You have a small bug in your method. Should be :

你的方法有一个小错误。应该 ：

public boolean isSorted()
{
    boolean sorted = true;        
    for (int i = 1; i < list.size(); i++) {
        if (list.get(i-1).compareTo(list.get(i)) > 0) sorted = false;
    }

    return sorted;
}

>0instead of !=1, you can't be sure that 1is returned..

>0而不是!=1，你不能确定它1被退回了..

Change the condition :

改变条件：

if (list.get(i - 1).compareTo(list.get(i)) >0)
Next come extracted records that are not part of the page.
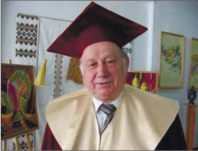
Іван Климишин доктор фіз.-мат. наук, академік АН ВШ України, професор Прикарпатського національного університету ім. Василя Стефаника, професор Івано-Франківської Теологічної Академії Греко-Католицької Церкви, м. Івано-Франківськ

17 січня 2013 року виповнилося 80 років Івану Антоновичу Климишину — талановитому вченому-астрофізику, видатному педагогу та автору багатьох наукових та науково-популярних видань (а таких добігає майже 100). Мала планета №3653 названа його іменем. Редакція "Світогляду" вітає Івана Антоновича з цією знаменною датою та зичить ювіляру доброго здоров'я та творчої наснаги ще на довгі роки життя! У цьому числі журналу подаємо статтю І.А. Климишина та його прохання до колег та читачів журналу обговорити актуальні теми сьогодення.
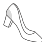
LÁMINA DE FIBRA TERMOFORMADA Y REFORZADA (POR SISTEMA DE INMERSIÓN) DE 1,2 mm DE ESPESOR. PIEZA EXTRA GAMUZADA DE 0,6 mm PARA MAYOR FIJACIÓN Y DURABILIDAD. ▾
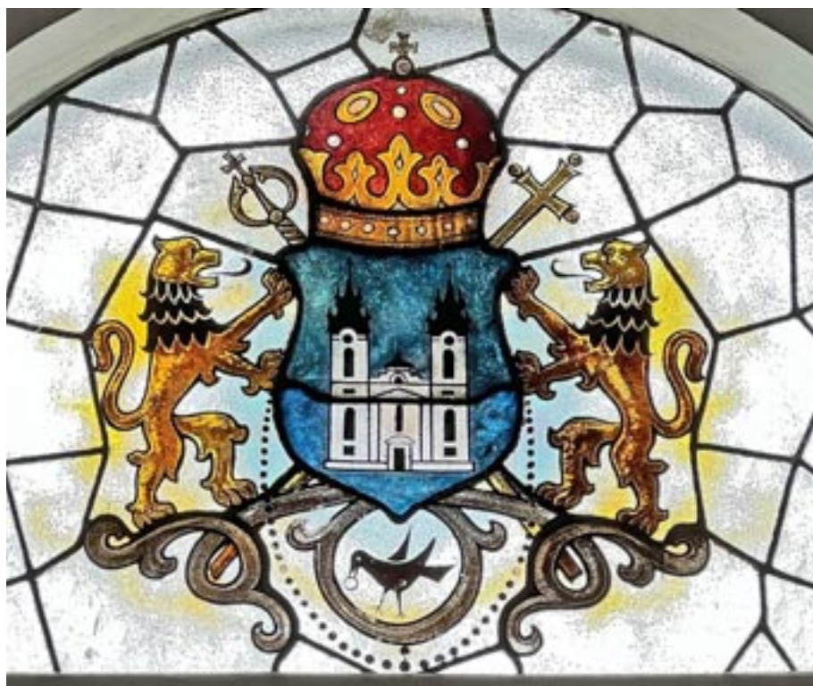
Stema Episcopiei Aradului, Ienopolei, Hălmaagiului și Hunedoarei (Vitraliu de la Reședința eparhială)
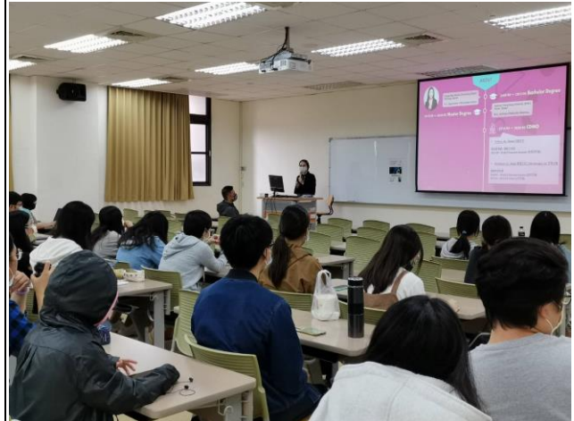
楊宛璇系友經驗分享(1)
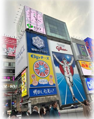
大阪といえばやっぱりグリコ?!
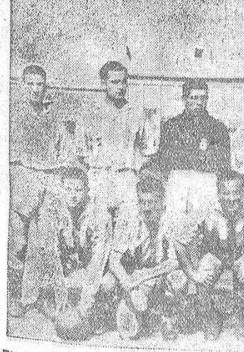
El equipo del Deportivo, que libró un magnífico encuentro frente al potente conjunto del Hungría.

Pero se llevaron un buen chasco. Porque "aquello" resultó un partido magnífico, emocionante, de fútbol muy superior al que nos ofrecieron el Lazio y el Atlético de Madrid. Y el once
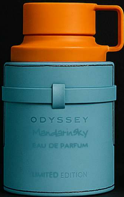
ODYSSEY MANDARIN SKY

Tres caminos, una misma esencia. Mandarin Sky brilla con la luz del día, Odyssey Homme fluye entre sol y noche, y Odyssey Candé despierta en la oscuridad con dulzura y misterio.
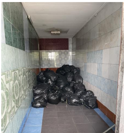
รูปที่ 2-17 จัดเก็บมูลฝอยในถุงดำรวบรวม ไว้ในที่ที่พักรวม

You should check for >0instead of !=-1.

您应该检查 for>0而不是!=-1。

Go through the documentation of compareTo()

查看compareTo()的文档

the value 0 if the argument string is equal to this string; a value less than 0 if this string is lexicographically less than the string argument; and a value greater than 0 if this string is lexicographically greater than the string argument.

如果参数字符串等于此字符串，则值为 0；如果此字符串按字典顺序小于字符串参数，则为小于 0 的值；和的值大于0，如果该字符串是字典顺序比字符串参数越大。

Try this

试试这个

import java.util.ArrayList;
import java.util.Collections;
import java.util.List;

public class Sort {
public static void main(String []args) {
    List<String> l1=new ArrayList<String>();
    List<String> l2=new ArrayList<String>();
    l1.add("a");
    l1.add("b");
    l1.add("c");

    l2.add("b");
    l2.add("c");
    l2.add("a");

     if(isSorted(l1)){
         System.out.println("already sorted");
     }
    else{
         Collections.sort(l1);
     }
   }
public static boolean isSorted(List<String> list){
    String previous = "";
    for (String current: list) {
        if (current.compareTo(previous) < 0)
            return false;
        previous = current;
    }
    return true;
}
}

You can write a utily method like isSortedList(List list).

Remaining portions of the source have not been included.